Recalling the thrills of hitchhiking

A lot of writers seem to be sticking their thumbs out of late.

Recent pieces in Vox, Talking Points Memo and the Week have lamented the decline of hitchhiking. The burst follows the 2012 publication of Ginger Strand's Killer on the Road: Violence and the American Interstate, the title of which hints broadly at one reason for hitchhiking's demise.

"When the interstate system was proposed, it was considered a beautiful thing, the American Dream coming to fruition at last," Strand told Molly Osberg in Talking Points Memo. "But it very quickly went dark and became a metaphor."

Or not so dark after all. The relative safety of hitching is a common counterintuitive theme in these recent pieces. "When it comes to the great fear about hitchhiking--running into a psychopathic murderer--you're far more likely to be killed in a standard car accident," wrote Ryan Cooper at the Week. "And the great danger to women is and always has been intimate partners, not strangers in cars."

Actually, hitching a ride always seemed pretty dangerous to me. If it hadn't, I doubt I would've done as much of it.

Starting in ninth grade in the late 1970s, I hitched a lot in New Jersey and Pennsylvania. In college I made trips between the East Coast and Chicago. I often felt safe. And pretty often I didn't.

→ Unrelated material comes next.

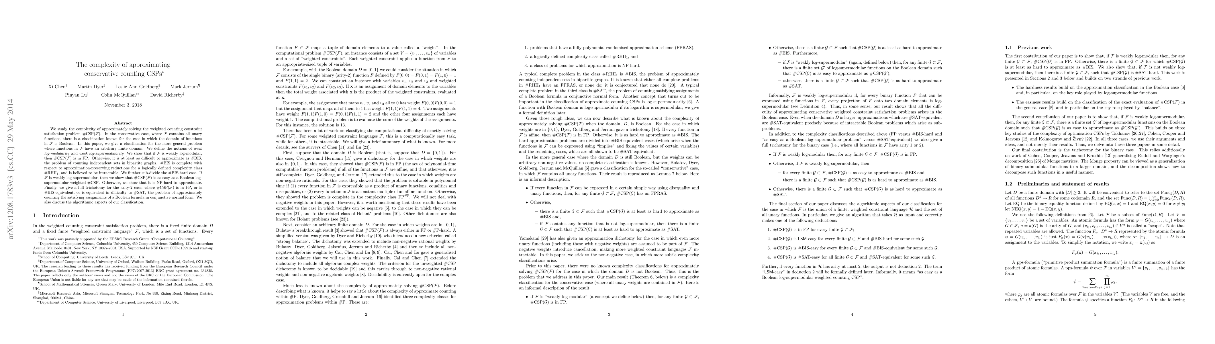 We study the complexity of approximately solving the weighted counting constraint satisfaction problem #CSP(F). In the conservative case, where F contains all unary functions, there is a classification known for the case in which the domain of functions in F is Boolean. In this paper, we give a classification for the more general problem where functions in F have an arbitrary finite domain. We define the notions of weak log-modularity and weak log-supermodularity. We show that if F is weakly log-modular, then #CSP(F)is in FP. Otherwise, it is at least as difficult to approximate as #BIS, the problem of counting independent sets in bipartite graphs. #BIS is complete with respect to approximation-preserving reductions for a logically-defined complexity class #RHPi1, and is believed to be intractable. We further sub-divide the #BIS-hard case. If F is weakly log-supermodular, then we show that #CSP(F) is as easy as a (Boolean) log-supermodular weighted #CSP. Otherwise, we show that it is NP-hard to approximate. Finally, we give a full trichotomy for the arity-2 case, where #CSP(F) is in FP, or is #BIS-equivalent, or is equivalent in difficulty to #SAT, the problem of approximately counting the satisfying assignments of a Boolean formula in conjunctive normal form. We also discuss the algorithmic aspects of our classification.
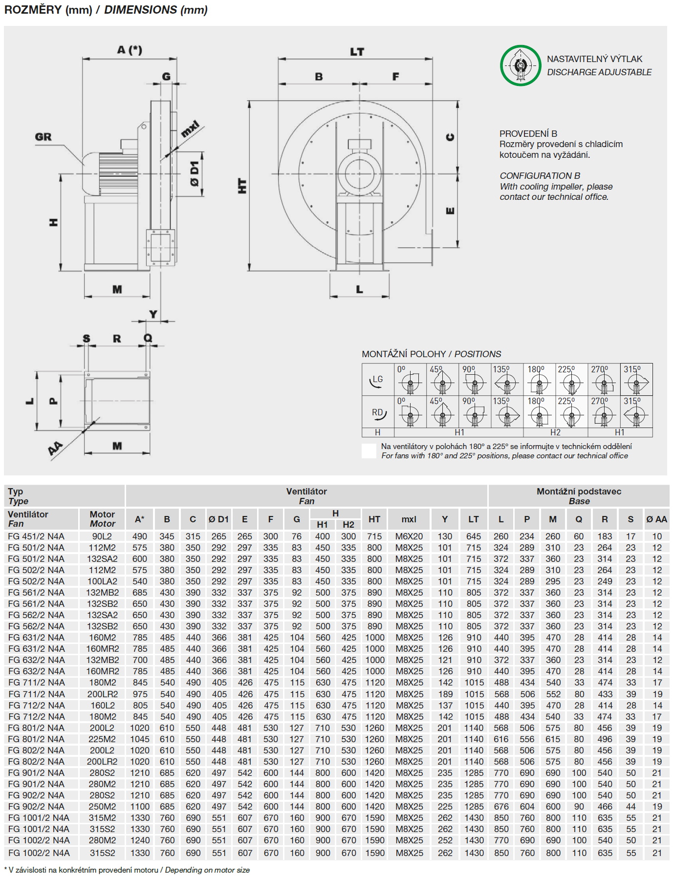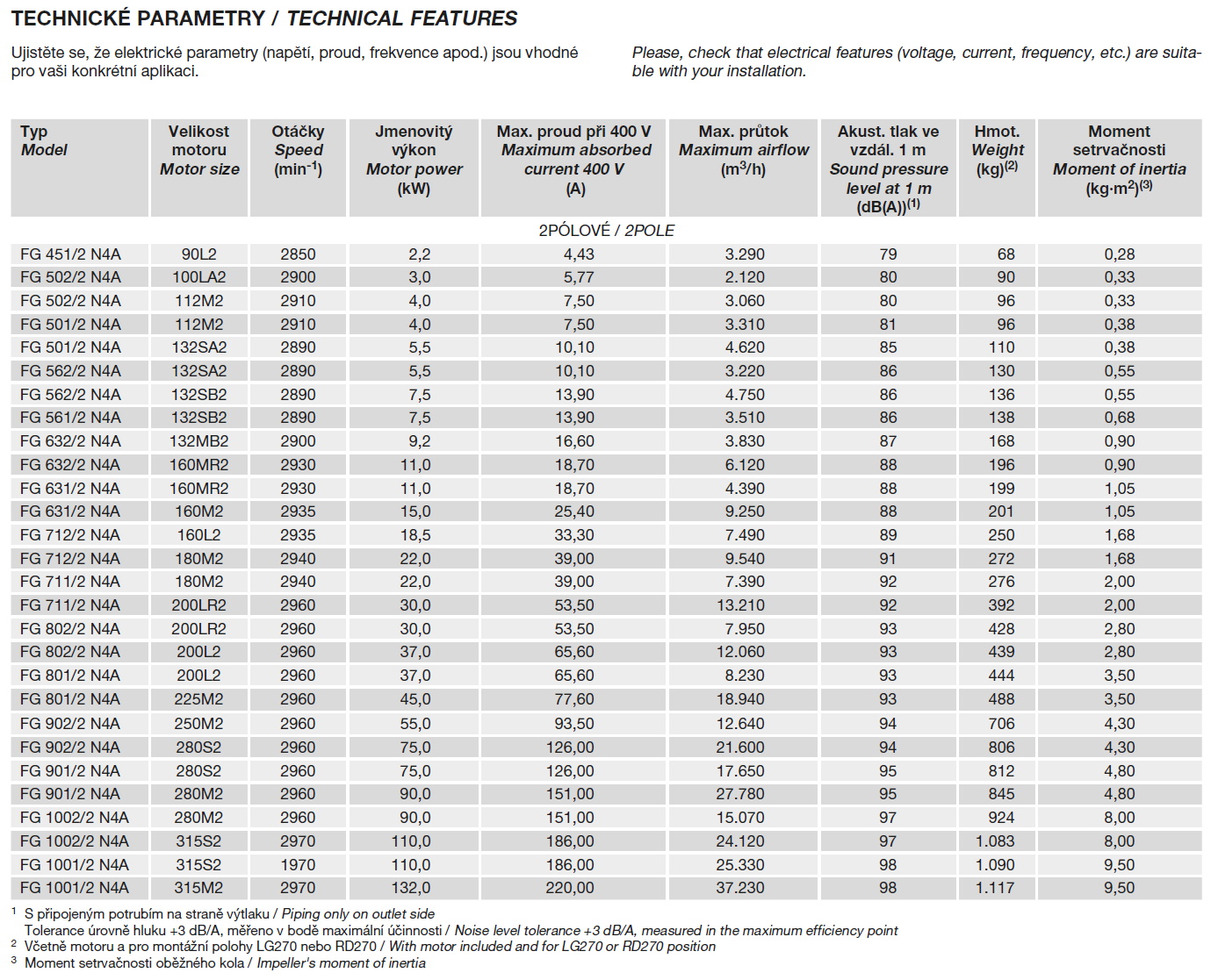 technické parametry | oběžné kolo s dozadu zahnutými lopatkami | tabulka použití | izolátory chvění | |||

Different kinds of people picked you up when you were a kid standing alone on the road with your thumb out. Some of them were creepy. They offered you drugs, pornography, money for sex, a phone number, a highly unlikely good time or just a ride, preferably straight, down the road. Sometimes they announced that they needed to take a detour, for some convoluted reason, from the main road that you so very much preferred to stay on. Where were they taking you? There was no way to know.

For me, hitching wasn't just cheap transportation. It was a way of putting myself in uncertain circumstances with unknown people and seeing how I fared--a dark pool of unknown depths in which to sink or swim. Discerning levels of creepiness, evaluating intent--whether to jump out at the next red light--was a sort of education. Learning to appear unflustered and bold while being vulnerable was a kind of skill.

No harm ever came to me hitchhiking (although I wonder what would have happened had I not bolted at that red light). But I relied on its forced contingency to fill the empty space in my imagination and open the continent to exploration. Without my thumb, there was no way to summon kinship with Huck Finn or Dean Moriarty, no way to flee into the arms of America and escape a far more dangerous encroaching boredom. I hitched extensively in Europe, with a companion and without, but the experience there was never the same. Risk was muted.

I was not a staid teen. I practiced reckless abandon standing in place. But it had a different quality on the road, whether the mystery was manufactured or not. So I'm happy to join in the nostalgia for hitchhiking. I recognize what sends people hearkening back to its crude joys. Just don't tell me it was safe. That ruins everything.